| WHAT YOU HAVE TO DO |
Every line below from the one with "经此修改之后,美股2000年" through the one with "Un delfín salta" is to be repeated exactly, with no picture among them.

| PROVIDED INFORMATION |
^^^^^^^^^^^^^^^^

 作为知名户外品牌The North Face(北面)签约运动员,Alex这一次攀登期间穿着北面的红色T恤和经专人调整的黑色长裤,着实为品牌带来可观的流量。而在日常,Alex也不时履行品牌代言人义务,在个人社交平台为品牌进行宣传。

^^^^^^^^^^^^^^^^

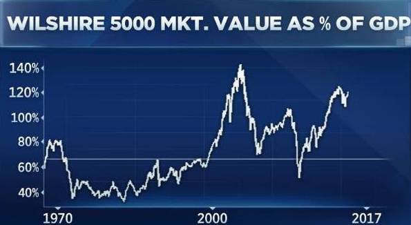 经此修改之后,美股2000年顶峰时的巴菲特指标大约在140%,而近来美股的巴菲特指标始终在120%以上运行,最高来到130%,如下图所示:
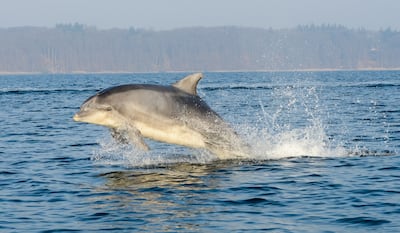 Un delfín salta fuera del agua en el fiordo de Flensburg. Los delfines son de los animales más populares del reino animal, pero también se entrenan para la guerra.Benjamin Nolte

^^^^^^^^^^^^^^^^

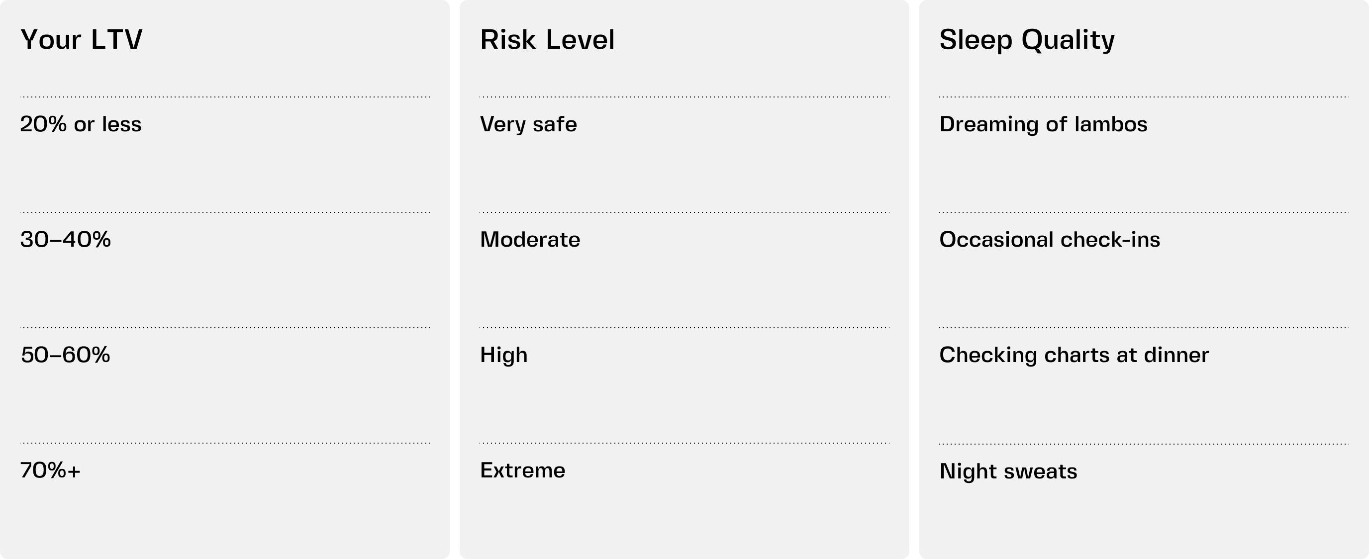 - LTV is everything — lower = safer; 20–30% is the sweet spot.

^^^^^^^^^^^^^^^^

| RESULT OF THIS TASK |
 经此修改之后,美股2000年顶峰时的巴菲特指标大约在140%,而近来美股的巴菲特指标始终在120%以上运行,最高来到130%,如下图所示:
 Un delfín salta fuera del agua en el fiordo de Flensburg. Los delfines son de los animales más populares del reino animal, pero también se entrenan para la guerra.Benjamin Nolte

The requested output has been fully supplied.